Internal consistency for each subscale was excellent, with Cronbach alpha ranging from .81 to .94 (see Table 4). These values are similar to what was found in Study 1 and satisfy the recommended threshold for basic research [35]. Additionally, these values are either comparable or exceed similar levels of consistency found for the AQ and BAP in our sample (see Table 4 for individual values). Internal consistency for the total-scale CATI score was again excellent, as assessed by McDonald’s omega hierarchical and also stratified Cronbach alpha, and exceeded levels observed for the AQ and BAPQ (see Table 4).
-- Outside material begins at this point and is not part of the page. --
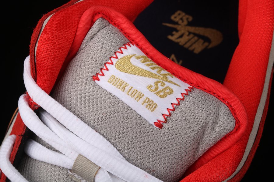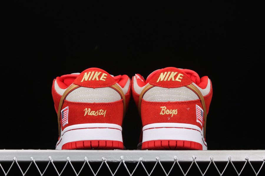 The red/gray base and American flag heel patch are both left intact, but the gold Swoosh is replaced by SBTG’s signature camouflage print for an artisanal tweak. Both the tongue tag and lace deubre have been swapped out for signature SBTG embellishments as well. A special custom tag completes the stylings.
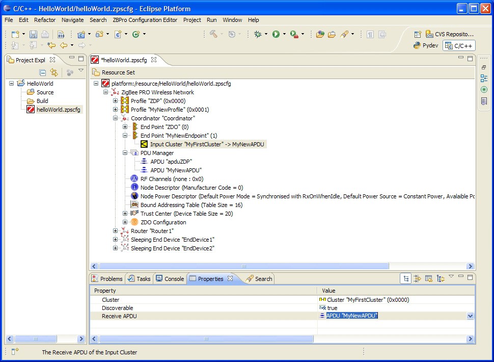 Endpoint entries, one for each endpoint on the Coordinator, with each endpoint having child entries specifying the input and output clusters used (note that each input cluster must be paired with an APDU).

Table 4 Internal consistency for the CATI, AQ, and BAPQ, assessed using Cronbach alpha for the subscales (and CATI bifactors), and McDonald’s omega hierarchical and stratified Cronbach alpha for the total-scale scores

Precision across total-scale scores

In addition to calculating internal consistency as a function of the overall scale (i.e. with Cronbach alpha), the precision (reliability) of the scale across the range of possible scores was considered by computing the total information curve (TIC) using IRTPRO software, and then transforming TIC values to reliability using the formula, Reliability = 1 − (1/Information). Given the polytomous (ordinal) nature of the response scale, Samejima's graded response model [42] was used for the data. Ideally, the TIC shows relatively high precision (reflected by higher TIC/reliability values) across a wide range of scores as opposed to a narrow range but is often weaker at the end-points which are the measurement boundaries [43]. The plotted TIC (transformed to reliability, see Fig. 2) suggested a respectable level of precision across a broad range scale scores but was weakest for lower levels of autistic traits. Analyses of subscales are reported in Additional file 1: Figure S1.

Fig. 2
figure2

Total information curve (transformed to reliability) for the CATI total-scale. X-axis represents measurement of the latent trait in standard deviation units (theta), with higher values indicative of higher levels of autistic traits

Convergent validity

Convergent validity was assessed by correlating CATI scores with the AQ and BAPQ scores. At the total score level, the CATI correlated highly with both the AQ (r = .79, p < .001, 95% CI [.77, .81]) and the BAPQ (r = .80, p < .001, 95% CI [.78, .82]). However, the correlations were not so high as to suggest redundancy. Convergent validity of the CATI subscales is examined in Study 3.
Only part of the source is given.